Les événements qui se déroulent rapidement au Moyen-Orient ces derniers temps sont une source de grave préoccupation dans un monde de plus en plus violent et instable. Le 1er avril, une frappe aérienne israélienne sur le consulat iranien à Damas a tué un haut commandant du Corps des Gardiens de la révolution iraniens, ainsi que plusieurs autres officiers. Outre les questions de jus ad bellum qui sont soulevées, de nombreuses questions intrigantes se posent également concernant la classification de situations similaires au regard du DIH.
Recours à la force armée contre un État hors de son territoire : quand déclenche-t-on une IAC ?
Premièrement, lorsqu’un État A recourt à la force contre des cibles qui pourraient être considérées comme représentant l’État B en dehors du territoire de ce dernier, la nature de la cible est déterminante pour déterminer s’il existe un conflit armé international (CAI) entre les deux États. Selon l’opinion dominante, le DIH des CAI devient applicable à partir du moment où un État recourt à la force armée contre un autre État, quelle que soit l’intensité de cette force ou qu’il y ait ou non une réponse armée de la part du deuxième État. Lorsque cela se produit sur le territoire de l’État contre lequel la force est utilisée, la cible est généralement sans importance.

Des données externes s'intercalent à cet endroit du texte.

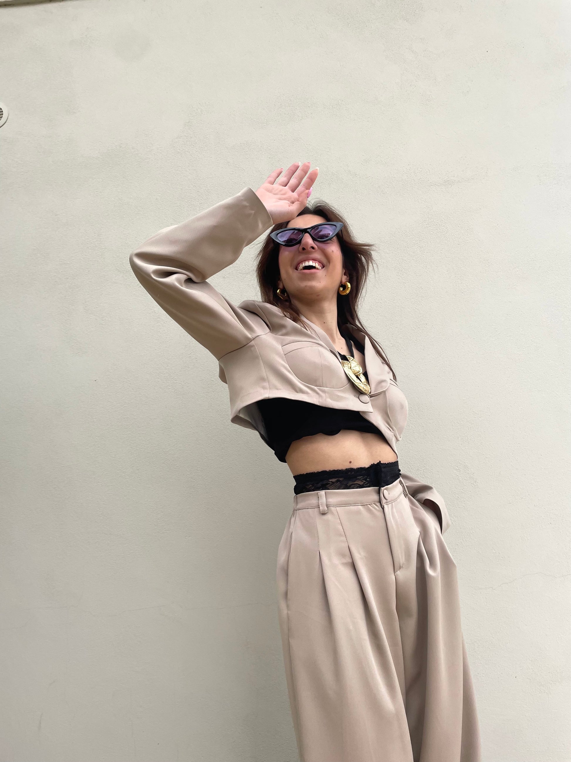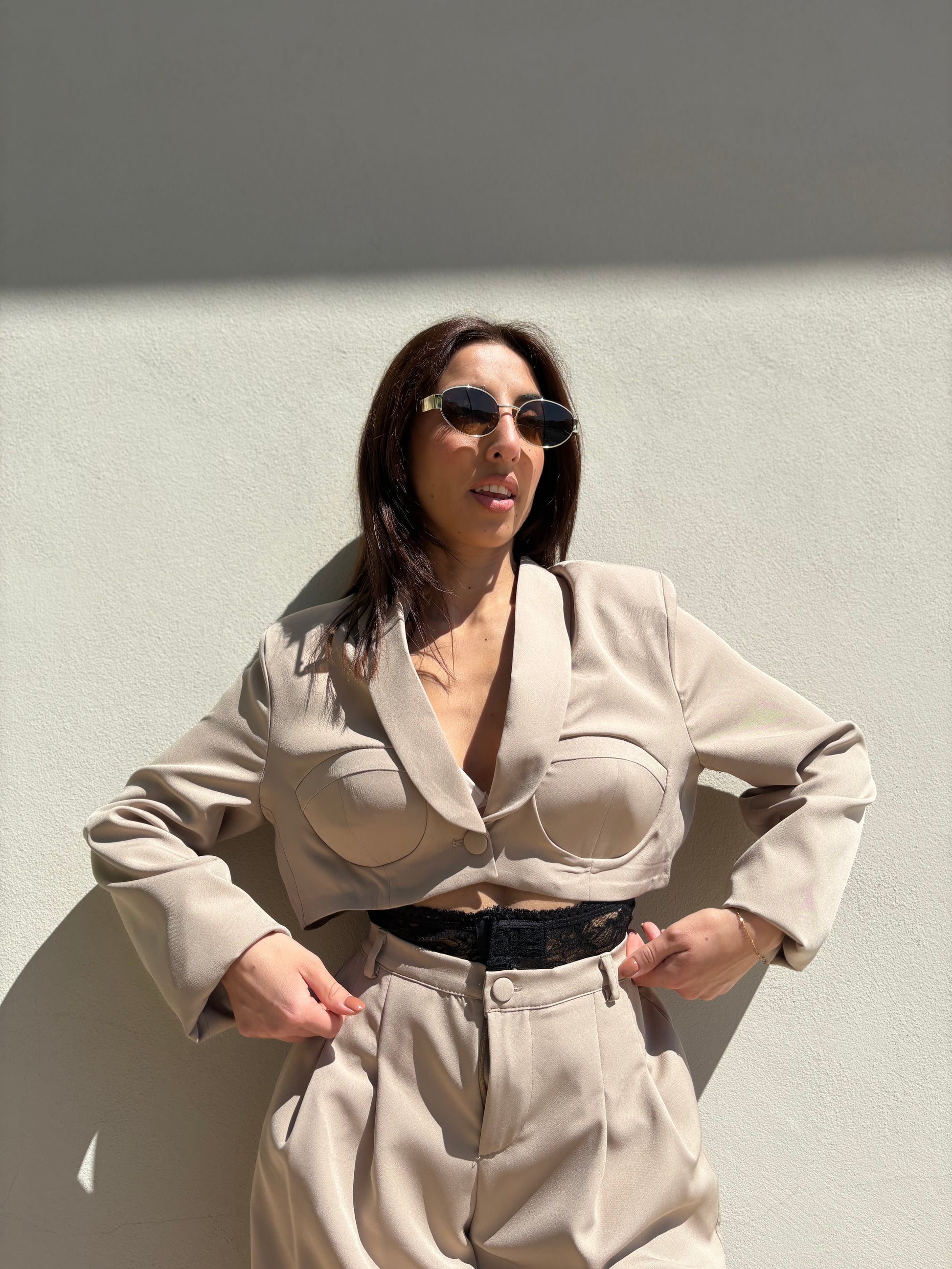 Completo con pantalone gamba larga e inserto che fuoriesce in pizzo sulla vita. Giacca corta con bavaro e bottone, all'interno ha le coppe.

Cependant, le caractère interétatique de la violence devient plus difficile à vérifier lorsqu’une frappe a lieu dans un État tiers C. D’un côté, il semble évident que la force contre les forces armées, les bases militaires ou les navires de guerre de l’État B déclenche une CAI. entre les deux États, quelle que soit la localisation de ces cibles. À l’autre extrémité du spectre, il est difficile d’imaginer que le fait de cibler des ressortissants de l’État B à l’étranger puisse donner lieu à une CAI. Une zone intermédiaire est occupée par des missions diplomatiques et certains hauts responsables de l’État B, dont les circonstances du ciblage doivent être soigneusement évaluées avant de parvenir à une conclusion sur une éventuelle classification IAC.

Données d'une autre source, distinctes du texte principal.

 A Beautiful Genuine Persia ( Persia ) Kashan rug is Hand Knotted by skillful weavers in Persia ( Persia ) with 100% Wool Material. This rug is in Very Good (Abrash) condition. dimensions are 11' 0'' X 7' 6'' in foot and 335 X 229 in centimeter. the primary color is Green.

Un chercheur (pp. 375-384) a suggéré de placer les « manifestations externes » d’un État dans des cercles concentriques en fonction de l’étroitesse de leurs liens avec l’État en question, les ressortissants d’un État se trouvant à l’extrémité extérieure de ce schéma. Plus une manifestation est éloignée du centre du cercle, plus son lien avec l’État est lâche et plus il devient difficile (voire impossible) de déclencher une CAI en utilisant la force armée contre elle en dehors de cet État. Il a également été avancé (p. 189) qu’en dehors du territoire d’un État, seules les attaques contre ses forces armées peuvent donner lieu à une CAI. En outre, la difficulté d’attribuer le recours à la force armée à l’État A dans certains cas doit également être prise en compte dans les considérations susmentionnées.

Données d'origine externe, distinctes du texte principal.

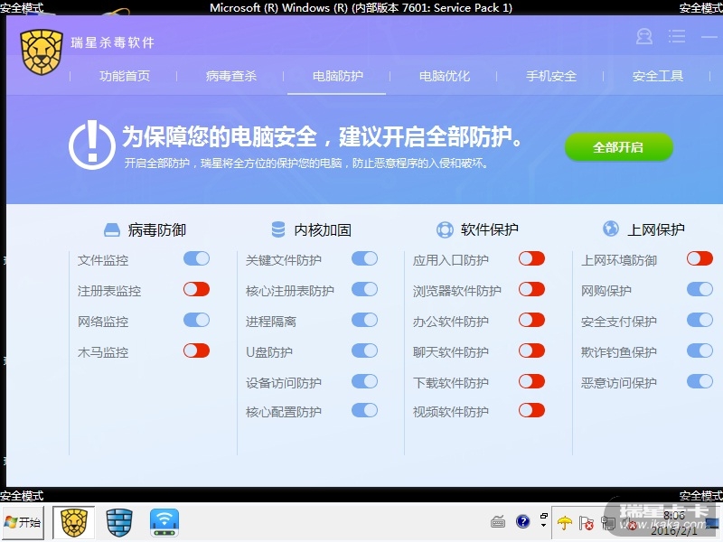 [软件冲突] 瑞星杀毒软件V17在安全模式下电脑防护中有许多项不能开启,绿伞变成了黄伞。

Compte tenu de ce qui précède, il est plausible que le ciblage des responsables iraniens forces armées, y compris un commandant supérieur, par Israël sur le territoire syrien, rend la loi IAC applicable dans les relations entre l’Iran et Israël. (Les questions de savoir si une première frappe est elle-même réglementée par le DIH, s’il s’agissait effectivement d’une première frappe ou si elle faisait partie d’un conflit préexistant, ainsi que la légalité de cette frappe au regard du DIH, du DIDH et du jus ad bellum sont distinctes.)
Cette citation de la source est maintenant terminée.